Alberto and his bike are in there somewhere
We only had to wait 2 hrs to be let through, which I guess isn't that bad because later that day we talked to a truck driver who'd been there for 4 days. It was chaos though. The police let the bikes go, then another one stopped us. Then we went again, and were stopped. Eventually I got behind an ambulance and followed him the rest of the way through the troubled section. It was great because he was going fast. There were countless sections of road that had been inundated by tree branches and mud. Some were clear, some were not. Either way our bikes are now quite a bit dirtier than they were. 

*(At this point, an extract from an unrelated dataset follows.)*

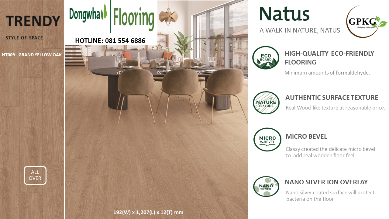 DONGWHA NATUS LAMINATE FLOORING - MODEL: NT009 - GRAND YELLOW OAK

Lots of sections of road like this
Once we were out of the bad section the road was quite nice. Smooth pavement and twisty. We were really enjoying ourselves when I came around a corner to see a semi-truck passing another semi-truck on a steep up hill. He was completely in my lane and I had no where to go except the drop off into the ditch. I braked hard (thank you ABS) but then Alberto ran into me from behind. This sent me wobbling forward completely off balance. I somehow stayed upright and the semi moved back into the other lane just enough so that we could get past. Alberto gave the driver a piece of his mind and it was definitely the most dangerous road encounter we've had on the trip (well I guess after the horse incident).

It was still another hour or so until we reached San Alberto. We looked for a hotel but didn't see any passing through town. It was getting late and it had been a long day. We stopped at a gas station out of town to ask if there were any hotels and just our luck, the gas station had a hotel. It was actually extremely nice for the price so we were ecstatic to stay there.